As I understand it, people don’t do a lot of blog reading around the holidays which is lucky for me, because I clearly don’t do a lot of writing around this time of year either.
Christmas is stressing me the fuck out. I am an anxious ball of crazy surviving on Diet Dr. Pepper and chocolate chips, and let me tell you, it’s good for my physique. I’m always rather anal around this time of year, but this year, I’m extra off. I’m shaky. I’m chewing the inside of my mouth and my fingers RAVENOUSLY. Raw. The only way it could be worse is if I were a meth head and I was picking the imaginary bugs off of my face till it bled, but then I’d be high on meth (and probably skinny, to boot) and I wouldn’t know any better or care. Sigh. No meth. Oh well.
I’m not sure exactly why this year is hitting me harder, but it is. I don’t think I’m yet recovered from my PPD 100% and daily obligations and trying to keep everything afloat sucks balls.

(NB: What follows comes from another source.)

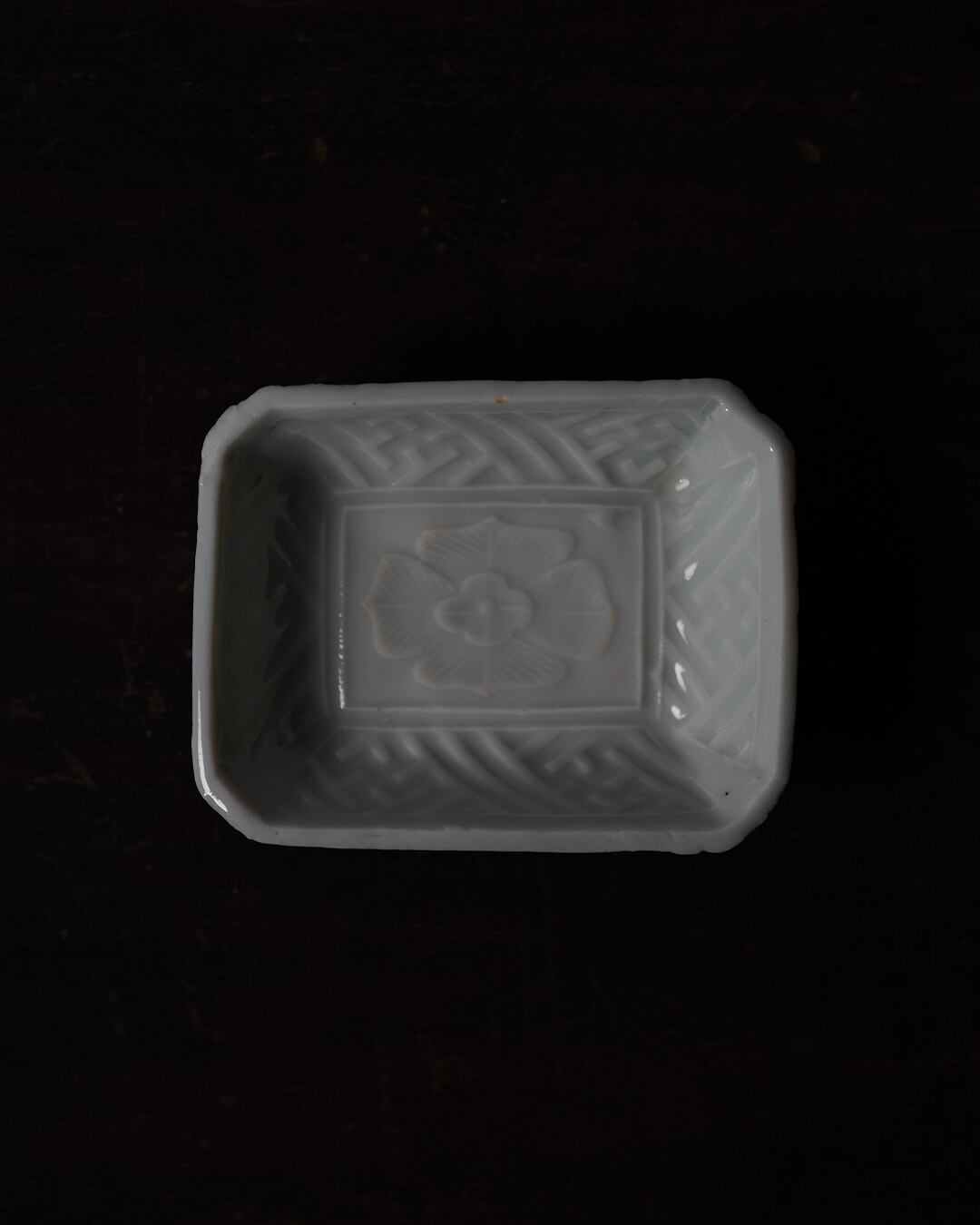 釉はやわらかく澄んだ白磁。ほのかな青みを帯びた静かな白が、彫りの輪郭を穏やかに際立たせます。角を落とした隅切の形状は手取りもよく、浅めの立ち上がりが料理を上品に受け止めます。明治期頃の作と推定されます。
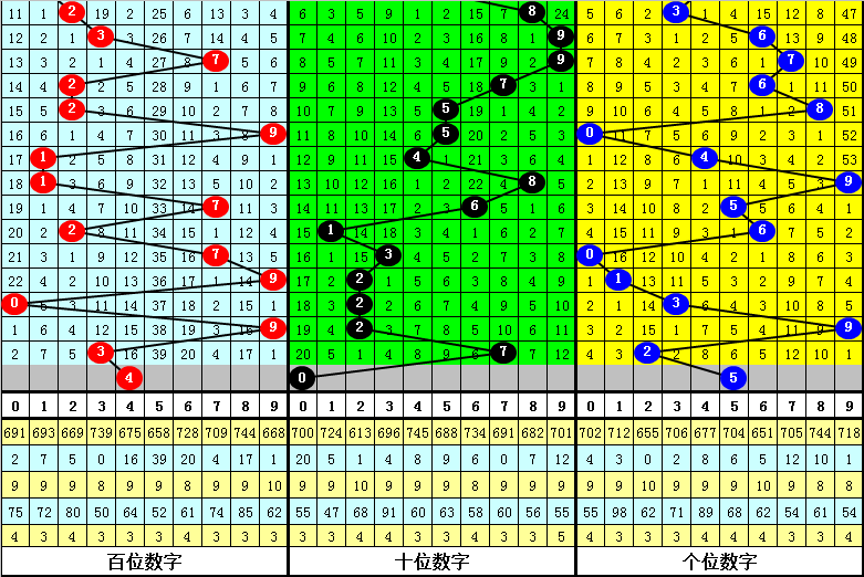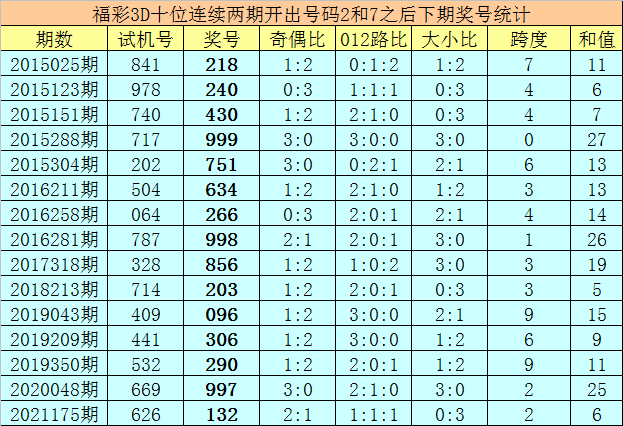 十位号码:前两期十位分别出现奖号2-7,历史上福彩3D连续前后分别开出号码2-7的现象共开出57次。在十位2-7的现象出现时,最近15期其下期分别开出号码:218-240-430-999-751-634-266-998-856-203-096-306-290-997-132;

Keeping people fed and clean fills up most of my day. My mind is running a mile a minute and I’m trying my best to multitask and keep it all together. Like making sure I get to the sippy cup full of old chunky milk before the baby drinks it all because when I don’t, it subsequently leads to cleaning up puke, more laundry and more baths. I’m trying to remember to wear pants and matching shoes when I drop kids off at school because it’s a sure bet that if I’m not, my automatic door on the minivan will not work and I will have to explain pajama pants and slippers to the assistant principal as I’m picking up a prescription bottle and an empty McDonald’s fry container that falls out of the car as I manually close the door.
I am busy policing the Christmas trees and porcelain village from little hands that throw things surprisingly well. We are already at a record 7 ornaments broken and have gone through 2 tubes of super glue and we still have almost two weeks till Christmas! He’s quite a savant.
Christmas shopping is a form of Chinese torture, in my book. And the mall? Is simply… hell. I don’t go there. Which is great since my daughters are at that fabulous age where the labels on the clothes suddenly mean something. So hooray for superficiality. They’re going to be really pissed when they get irregulars from TJ Maxx with labels marked out with a sharpie.
One of the things keeping me sane is the baby’s love for the sights and sounds of Christmas. His excitement is contagious. He says “Santa” all day. He loves it all especially the music… and he’s a dancer.
(quality bites the big one, I know, but you get the idea of how he drops it like it’s hot.)


I’m still reading! And you have the most adorable kids EVAR!
He is so cute!!!! I watched the other videos that we get to pick from after watching the first. I love them all!!! I wonder if Santa would bring meth for Christmas?? Can never hurt to ask!
My soon to be 12 year old step daughter is also at the age where labels matter. And a shirt without the store nameblazoned across the front is not acceptable. I blame her dad for taking her to Aeropostale. I’ve told her that she wants clothes from there she will be less stuff for xmas because it is so damn expensive. Seriously $60 for a hooded sweatshirt!